Convert strings to all uppercase using **.str.upper()** method.

In [None]:
mpg_df['car_name'].str.upper()

Capitalize the first letter of every word using **.str.title()** method.

In [None]:
mpg_df['car_name'].str.title()

Check if strings start with specified string using **.str.startswith()** method.  Conversely, there is also a **.str.endswith()** method.  **Note**: Python is **case-sensitive**.

In [None]:
mpg_df['car_name'].str.startswith('chev')

In [None]:
mpg_df['car_name'].str.startswith('chev').sum()

The **.contains()** method also supports regular expressions.  Note: The base Python package **re** is dedicated to regular expressions.

In this example, check if a string contains any digit 0-9.

In [None]:
mpg_df['car_name'].str.contains('\d').sum()

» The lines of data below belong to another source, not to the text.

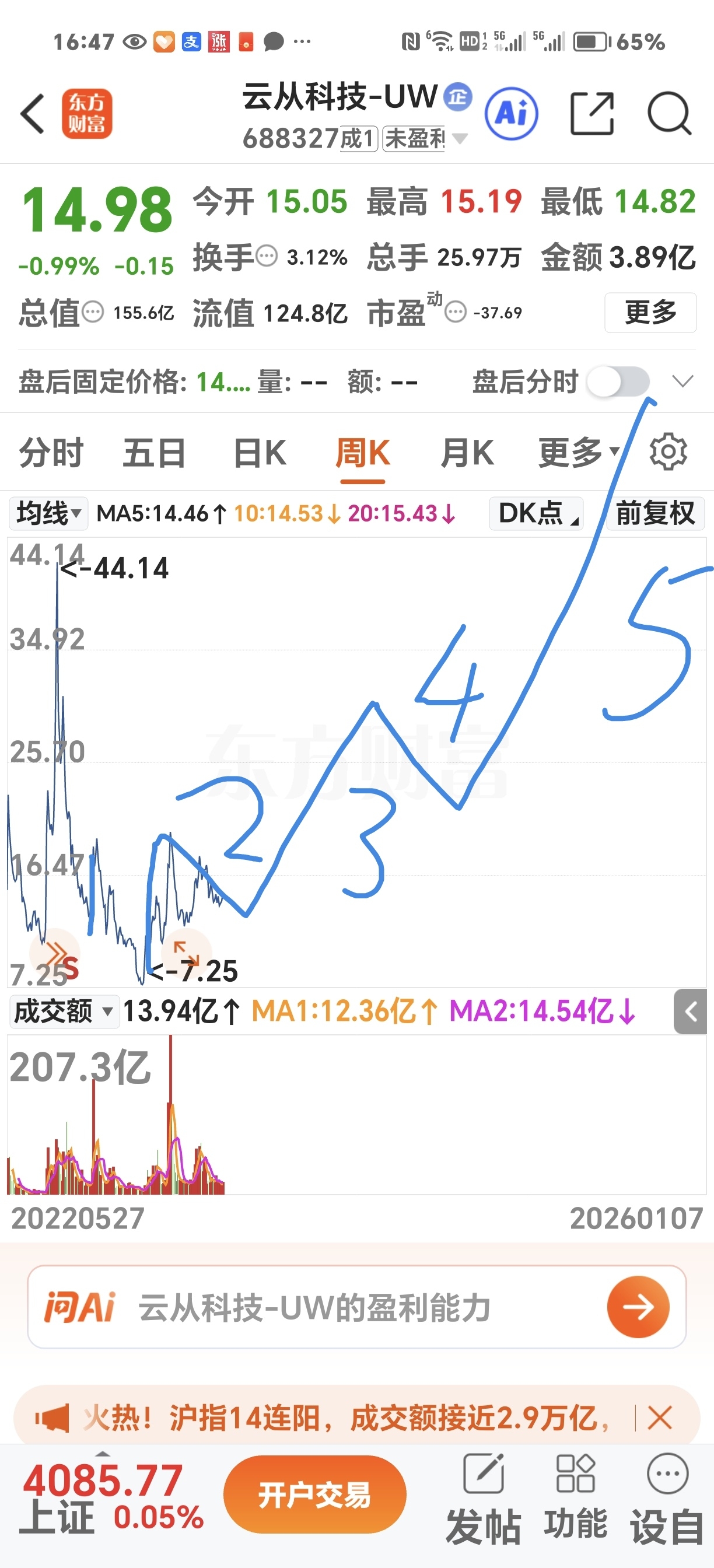 $云从科技-UW(SH688327)$ 云从的5浪牛市图:2浪调整己经结束,现在运行在3浪上升阶段
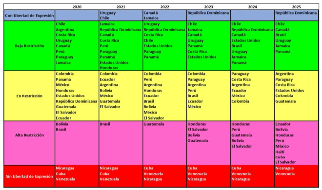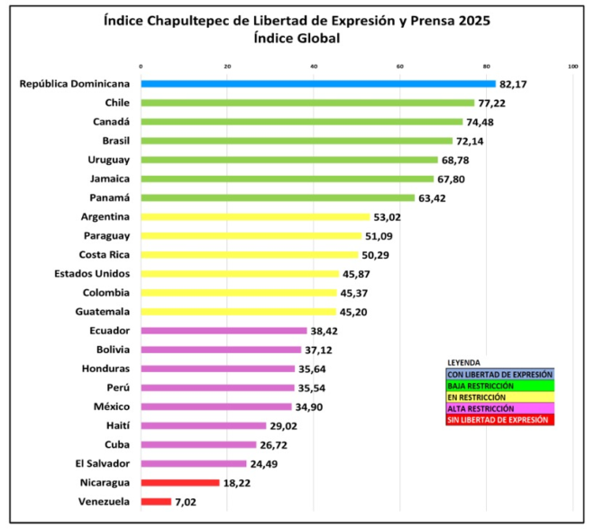 El índice muestra una tendencia negativa en gran parte del hemisferio. República Dominicana encabeza la clasificación con 82,17 puntos, siendo el único país ubicado en la categoría “Con libertad de expresión”.
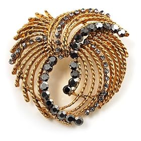 Vintage Antique Gold Bow Crystal Brooch (Jet Black): Jewelry
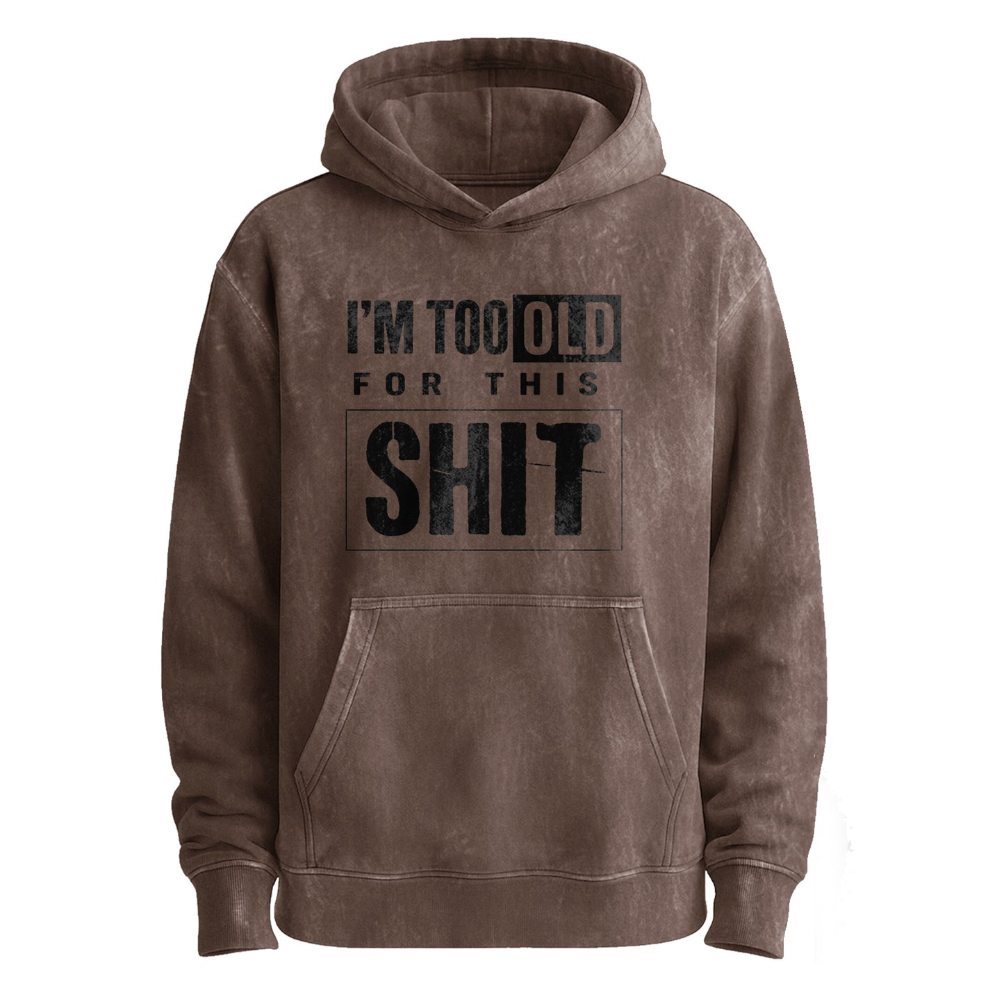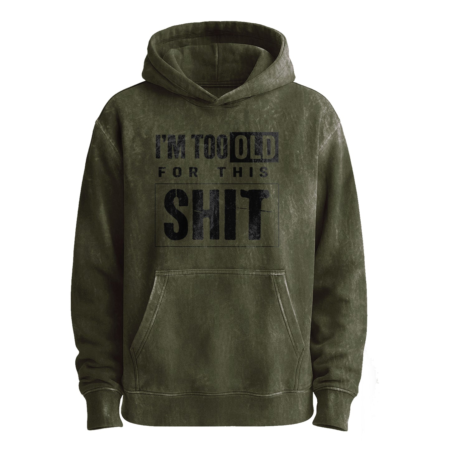 Dieser Vintage-Hoodie in Militärgrün besticht durch übergroße, abgenutzte weiße Schriftzüge: „I'M TOO“ über einem eingerahmten „OLD“, dann „FOR THIS“, abgerundet durch einen großen, umrandeten Block mit der Aufschrift „SHIT“.
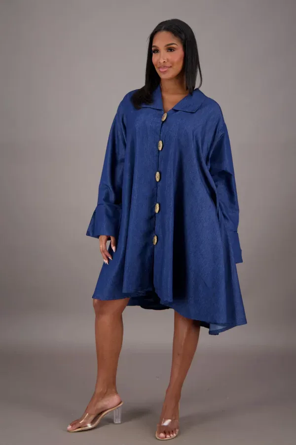 The long sleeves add a touch of elegance, while the bold, gold-tone statement buttons bring a chic, polished finish. Whether you’re headed to brunch, work, or an evening out, this versatile denim dress is your new wardrobe go-to for casual sophistication.
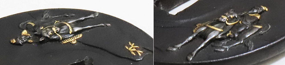 材質 鉄磨地 竪丸形 鋤出高彫 象嵌色絵 鋤残耳
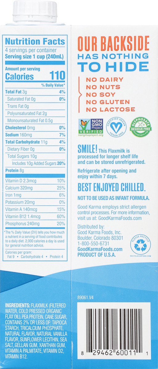 Good Karma Flaxmilk Omega 3 + Protein Lightly Sweetened Vanilla Carton - 32 Oz
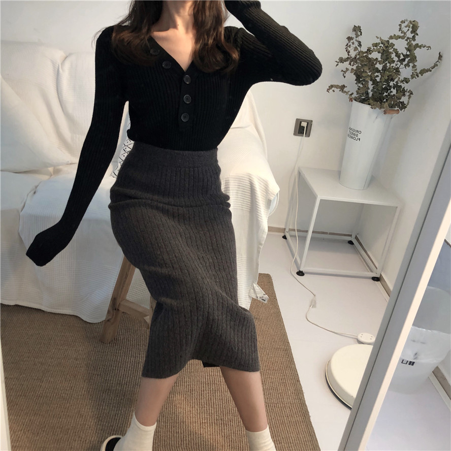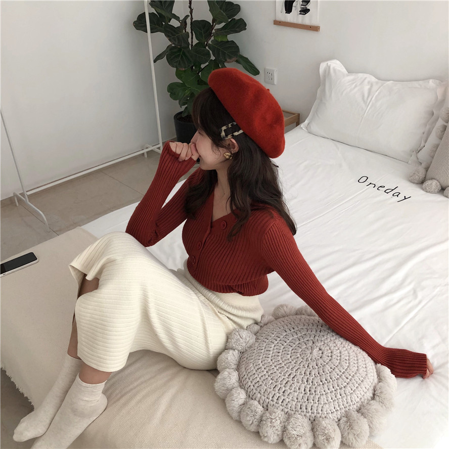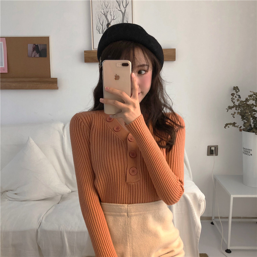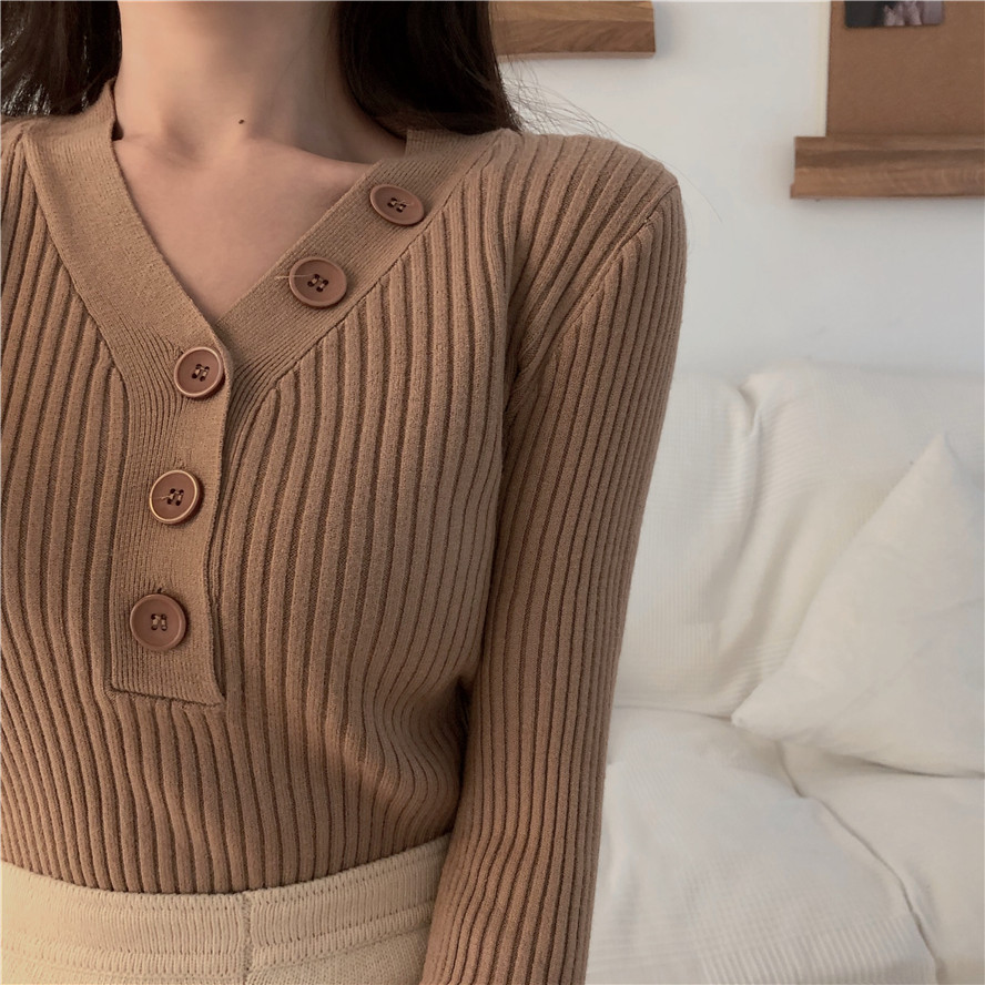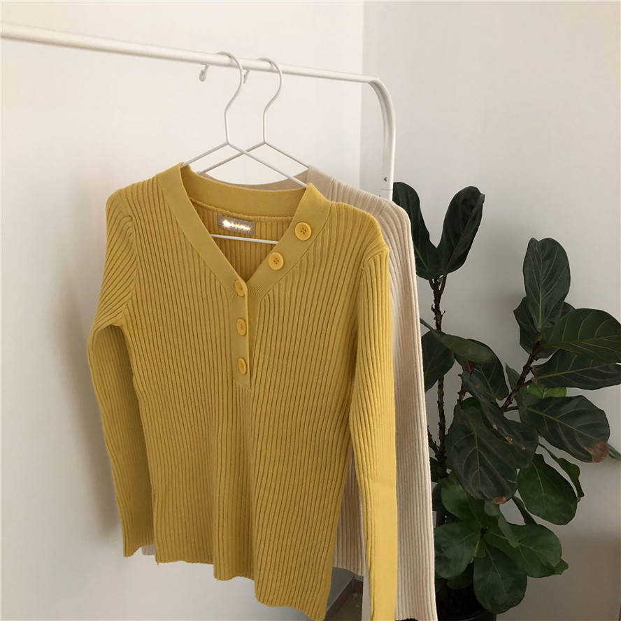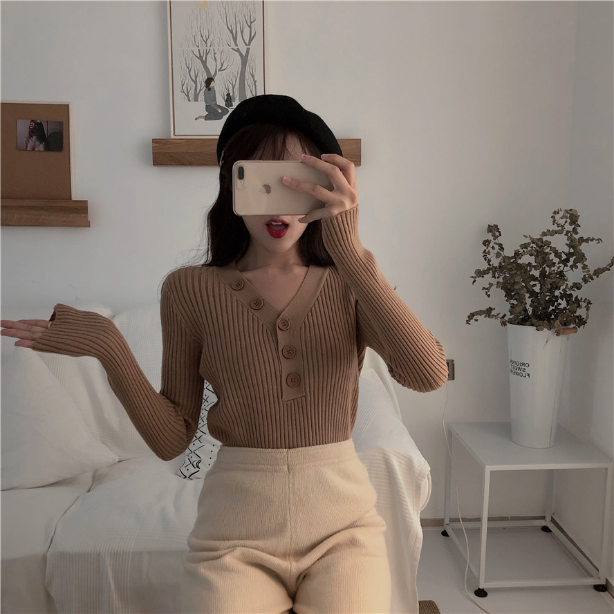 10 цвета осень 2018 г. и зима корейский шик стиль сплошной цвет v образным вырезом свитер тонкий вязаный Топы корректирующие женские

Replace characters with the **.replace()** method.

In [None]:
mpg_df['car_name'].str.replace('c', 'T')

The **.str.strip()** method removes leading and trailing characters specified by the user.  There are also **.str.lstrip()** method which removes leading characters only and **.str.rstrip()** which removes trailing characters only.

In [None]:
mpg_df['disp_as_str'].str.strip('0')

The **.str.zfill()** method comes in handy dealing with string columns that are usually dealing with accounts.  In the example below, let's make a "pretend" account column.  Let's suppose that our account column needs to have leading 0's.

In [None]:
mpg_df['fake_acct_str'] = mpg_df['disp_as_str'].str.rstrip('.0')
mpg_df['fake_acct_str']

In the example below, the 9 represents how long the string should be in length.  Strings shorter than 9 are left padded with 0's so that the new length is 9.  Nothing happens to strings with lengths >= 9.

In [None]:
mpg_df['fake_acct_str'].str.zfill(9)

## Data Conversion<a name="data_conversion"><a/>

In [None]:
mpg_df.info()

We see that the displacement column is stored as float.  Let's convert it to integer using the **.astype()** method.

In [None]:
mpg_df['disp_as_int'] = mpg_df['displacement'].astype(int)

In [None]:
mpg_df.info()

Note: You can also call the **.dtype** attribute to check how the column is stored.  Notice that there are no parentheses after **.dtype**; this is because we are accessing the attribute and not calling a method.

In [None]:
mpg_df['displacement'].dtype

In [None]:
mpg_df['disp_as_int'].dtype

In [None]:
mpg_df['disp_as_str'] = mpg_df['displacement'].astype(str)

In [None]:
mpg_df['disp_as_str']

## Exporting DataFrames<a name="export"><a/>

Just as pandas has many methods for reading in files, it also has several methods to export DataFrames.

In [None]:
mpg_df.to_csv(f'c:/users/{os.getlogin()}/mpg_df_csv.csv')

In [None]:
mpg_df.to_excel(f'c:/users/{os.getlogin()/mpg_df_xl.xlsx', index=False})